Zidan mulai serius memerhatikan Keisha yang menurutnya cukup pintar untuk ukuran anak tidak bersekolah. Tapi bukan berarti dia tertarik dengan ocehannya.
Keisha terus mengikuti Zidan ke manapun pemuda itu bergerak. Dia dengan semangat melancarkan ilmu marketing dari beberapa abad yang lalu sekalipun pendengarnya tidak menanggapi. Sampai mereka selesai membersihkan gudang, dan hanya tinggal membuang sampah, dia masih mengikuti sang sepupu.
"Dengan proposal ini, aku yakin lima tahun lagi, kota kita bisa menyamai Lord City."
Zidan memandang Keisha yang dahinya terbalut perban. Netra biru gadis itu cerah, sosoknya berdiri tegak dengan percaya diri, dan wajah yang terkena pantulan cahaya senja terlihat lebih cantik sekalipun pipinya tercoreng debu.
Keisha mendekat ke Zidan, tersenyum kecil, lalu berkata, "Kalau kamu mau membantuku menjadi penyambung lidah dengan pemimpin kecamatan, aku akan menyerahkan kursi pemimpin masa depan kepadamu, dan aku akan menjadi bayangan yang mendukungmu dari belakang."
Bukan prosepek masa depan tentang pembangunan kota yang membuat Zidan tertegun, tapi kalimat terakhir Keisha.
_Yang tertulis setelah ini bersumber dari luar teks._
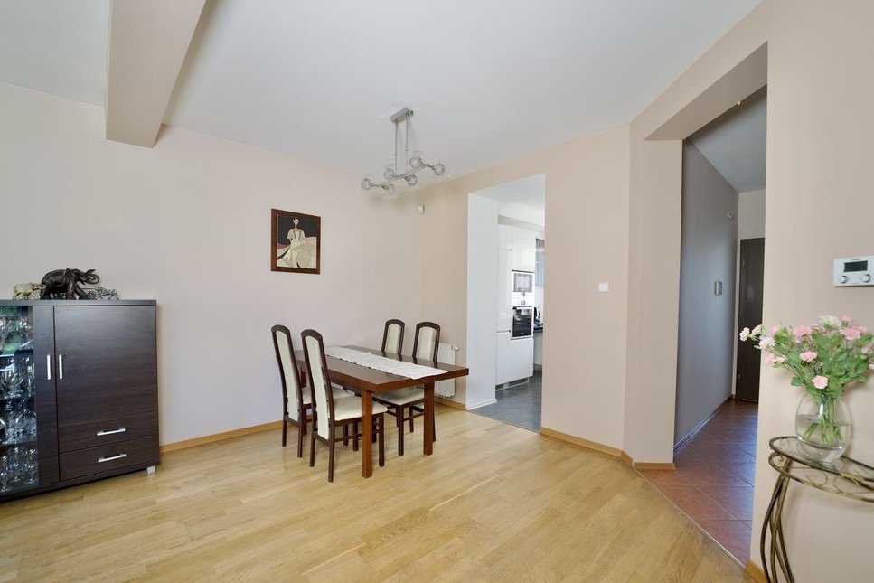 Dom znajduje się w prestiżowej dzielnicy Katowice Zarzecze, przy kameralnej i spokojnej uliczce, co gwarantuje ciszę i prywatność. Niewątpliwym atutem jest bliskość lasu, zaledwie 200 metrów od nieruchomości, co umożliwia częste spacery i kontakt z naturą. Pomimo tak spokojnego otoczenia, lokalizacja jest bardzo dobrze skomunikowana – w zaledwie 5 minut samochodem można dotrzeć do ulicy Kościuszki, co zapewnia szybki dojazd do centrum Katowic (około 20 minut), a także łatwy dostęp do Mikołowa i Tychów. Dla osób korzystających z komunikacji publicznej, przystanek autobusowy linii 937 znajduje się jedynie 2 minuty pieszo od domu.

Apa gadis itu sangat memercayainya sampai ingin menjadikannya pemimpin?
"Bagaimana?"
"Nggak tertarik."
Senyum Keisha langsung lenyap. Kesal, dia menendang betis Zidan.
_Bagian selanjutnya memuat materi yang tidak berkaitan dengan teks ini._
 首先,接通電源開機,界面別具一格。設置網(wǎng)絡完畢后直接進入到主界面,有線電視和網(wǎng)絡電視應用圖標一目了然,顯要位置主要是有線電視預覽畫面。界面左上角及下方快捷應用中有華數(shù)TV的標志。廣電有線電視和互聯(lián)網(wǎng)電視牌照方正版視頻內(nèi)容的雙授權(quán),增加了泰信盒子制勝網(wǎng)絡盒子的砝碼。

"Apa karena aku anak kecil, jadi kamu nggak percaya?"
Keisha balik badan, berjalan menuju rumah.
Zidan mengusap betisnya yang ditendang, masih menatap Keisha di depan sana.
Keisha berhenti, lalu balik badan menghadap Zidan kembali. "Kamu pikir, cuma kamu kandidat yang aku punya? Masih banyak yang mau bergabung dengan proyekku."
Keisha kembali balik badan, dan lanjut jalan. Tapi setelah dua langkah, dia akan menghadap Zidan lagi, dan kembali menggerutu.
"Aku akan berikan posisi itu kepada orang lain."
"..."
"Saat aku berhasil melakukannya, kamu akan jadi orang pertama yang menyesal dan bertekuk lutut di depanku untuk memohon kerja sama."
"..."
"Kamu harusnya berterima kasih karena kuberi kesempatan!"
"..."
"Dasar p*****l menyebalkan!"
Zidan sedikit menganga, lalu tertawa pelan. "Astaga! Cara marahnya sedikit menggemaskan," gumamnya.
Zidan pikir, setelah memarahinya sore itu, Keisha akan menyerah, tapi dia salah. Gadis itu kembali memulai deklarasi proyeknya pada keesokan harinya. Bahkan si iblis kecil lebih gencar dari sebelumnya, dengan mengikuti ke mana pun dia pergi.